Гуинплен прибыл в отряд вместе со мной, в один день. Дуремар и Хоббит на следующий день появились, а с Гуинпленом мы вместе на вертолёте прилетели. Мне ещё там, в вертушке его усмешка не понравилась – левый уголок губ чуть-чуть вверх приподнят, самую малость, но заметно. А в жёлтых глазах – иголки. Позже я узнал, что губа кверху – это у него от ранения. Пуля-дура по скуле мазнула, скользом, но какую-то мышцу зацепила, порвала напрочь. Мышцу потом сшили, а уголок губ после операции вверх подпрыгнул. Шрамик, не сказать, давнишний, не побелел ещё… Ну, губы – ладно, а глаза? Жёлтые, кошачьи. Их колючесть ранением не объяснишь. Или пуля та разрывная была, а иголочки – это осколки от неё?.. И ещё у Гуинплена левый глаз дёргается, такое впечатление – подмигивает. Ранением Гуинплен в Ираке обзавёлся. Что он там делал? В Ираке? Это не наша война!
Я его спросил. Он не ответил, а иголки в кошачьих глазах ещё острее стали.
Про Дуремара и Хоббита рассказывать почти нечего. Оба спортсмены: Дуремар – боец (то ли каратист, то ли по боям без правил, панкратион называется), а Хоббит – боксёр и пловец. Пороха оба не нюхали. Дуремар из отряда выбыл, ну и будет о нём.
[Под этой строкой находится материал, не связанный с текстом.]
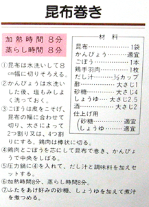 先ずは圧力鍋に書いてある「昆布巻き」 の作り方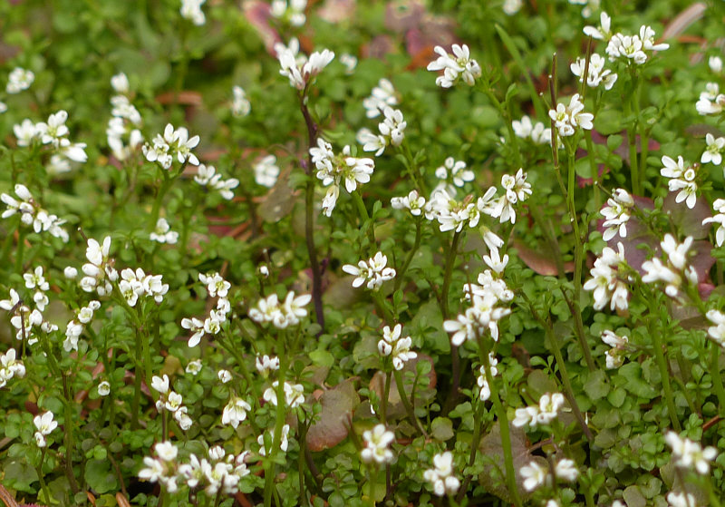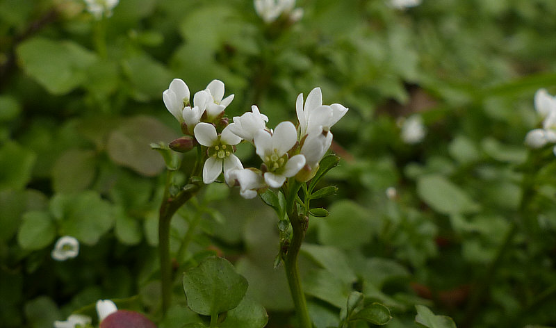 ![]() Dieses Bild, zumindest die Bäume davon, war vorgestern Ausgangsbild im Abreißkalender. Nun sind wir noch mal hier ... und senken den Blick: ![]() Wir stehen vor einem Vorgarten, wobei Garten übertrieben ist. Aber immerhin grün ... und das sogar unter den alten Bäumen. ![]() Nun hatte mich die Neugier gepackt ... was blüht da so reichhaltig ? Ich ging näher ... ![]() ... und ich merkte, dass ich noch näher ran gehen muss, um diese kleine grün-weiße Welt ganz neu zu entdecken: ![]() Ich hatte nicht wirklich einen Plan, "was" ich da fotografiere. Aber ich wusste, wer das evtl. wissen könnte. ![]() Aber zuerst mal in Ruhe fotografieren und diese doch sehr kleinen Blüten von ganz nahem sehen: ![]() ![]() ![]() So ... und nun die Frage: wie heißt ihr denn, ihr kleinen Schönheiten ?? Die Schönheiten antworten leider nicht ... aber ich hatte da eine Idee ... und so hab ich mal bei Wikipedia in der "Redaktion Biologie/Bestimmung" nachgefragt. Vielleicht bekomme ich ja Antwort. Ja, bekam ich ... und nun darf ich Euch vorstellen: "Cardamine hirsuta" Auf deutsch "behaartes Schaumkraut", auch als Ruderal-Schaumkraut oder Gartenschaumkraut bezeichnet. Es ist ein Therophyt ... d.h., dass es alle für es ungünstigen Jahreszeiten als Samen im Boden überdauert, um dann von März bis Juni zu blühen. Das Kraut wurzelt bis 35 Zentimeter tief, war früher selten, hat sich aber in wintermilden Lagen in Deutschland explosionsartig ausgebreitet. Es wurde wahrscheinlich über Baumschulen und Gärtnereien eingeschleppt. Die Pflanze ist ein Saftdruckstreuer ... sie schleudert ihre Samen bis zu 1,40 Meter weit weg. Zu finden ist es in ganz Europa und östlich sogar bis zum Himalaya. Auch in Ostafrika wächst es ... insgesamt gesehen ist es mittlerweile durch Verschleppung fast weltweit verbreitet. Sind so kleine Dinge an denen die meisten fast alle wenn nicht sogar alle vorübergehen Sind so nahe Dinge für die man nicht verreisen muss Wenn man sich vor ihnen verbeugt dann darf man sie in ihrer Welt besuchen |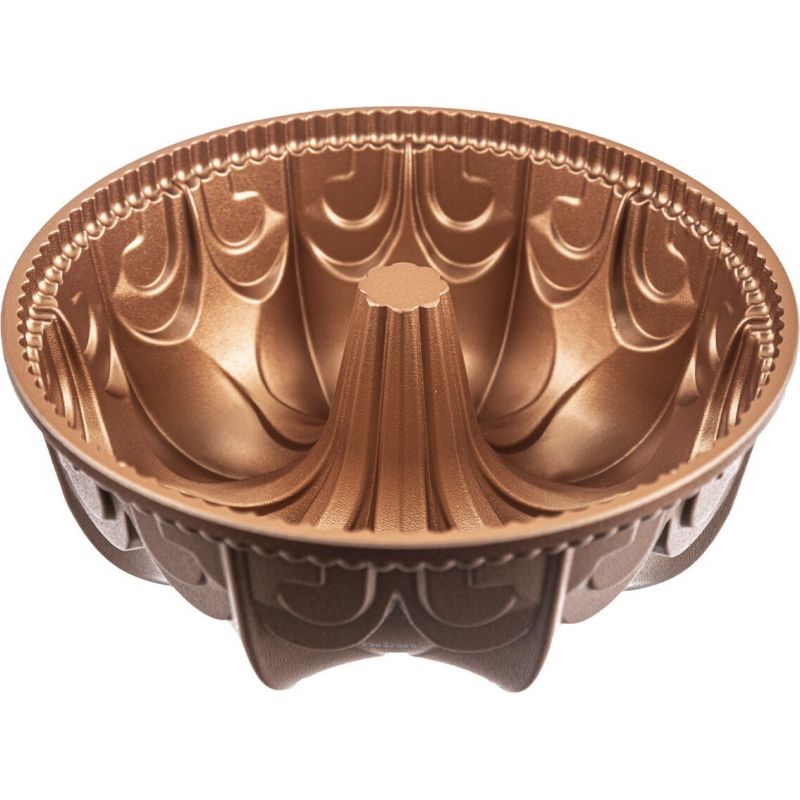 Die untypische Designerform der Gugelhupfform MARISSA ORIENT in einem sehr trendigen, luxuriös wirkenden Design und in der Farbe Kupfer. Die Form ist nicht nur praktisch, sondern auch beeindruckend. Darüber hinaus ist sie eine schöne Dekoration in modernen und rustikalen Küchen.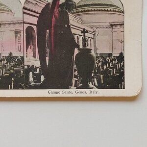 Antique Stereograph Card "Campo Santo, Genoa, Italy" Colour Card

Хоббит военную науку с трудом осваивает. Огневая у него неважно идёт, рукопашка и поединки с применением подручных средств лучше. А вот с силовой подготовкой проблема. Мужик-то он здоровый. И выносливый. Но, видать, сухожилия слабоваты. Хоббит чаще других с глыбой тренируется.
Японец Хоббита не любит. Оно и понятно…
Подошли к третьему перекату.
Думаете, Японец нас на финише ожидает? Хрен там! Рядом идёт, по берегу. Наблюдает, материал для раздолбона собирает. Только его не видно. Его вообще в лесу увидеть невозможно. Понацепляет на себя всякой травы, рожу грязью измажет – где ты, Япоша? Нет его. Но появиться может в любой момент, откуда не ждёшь. По берегу идти – оно тоже не прогулка. Там кусты, переплетённые лианами дикого винограда, все в колючках. Ямы, овражки, поваленные деревья, корни, трава высокая (мы по сопкам тоже нормативы бегаем, знаем). Трудно сказать, чей маршрут труднее – наш или Японца? Само собой, Японец свой маршрут до миллиметра изучил, тропу себе пробил за долгое время. Но эту тропу простому человеку ни за что не найти. Заросли, как заросли. А Японец, вернее ноги его, знают – куда нужно ступить, чтобы не запнуться, не провалиться, не упасть.
У третьего переката Рэбэ свистом приказал остановиться, но мы бы и сами остановились, если бы даже он не свистнул. Здесь Японец обычно подлянку ставил. Подлянка – специальная неожиданная помеха, каждый раз новая. То вдруг бревно, утыканное острыми шипами, на перекат вынесет, успевай уворачивайся, то вдруг трос, перетянутый по створу Вонючки, из воды резко поднимется и всех с переката сбросит, то перекат окажется перегороженным боном из колючей проволоки. Иногда комбинация подлянок. А то, бывает, ждёшь подлянку, а её нет. В этом-то ожидании подлянка и состоит.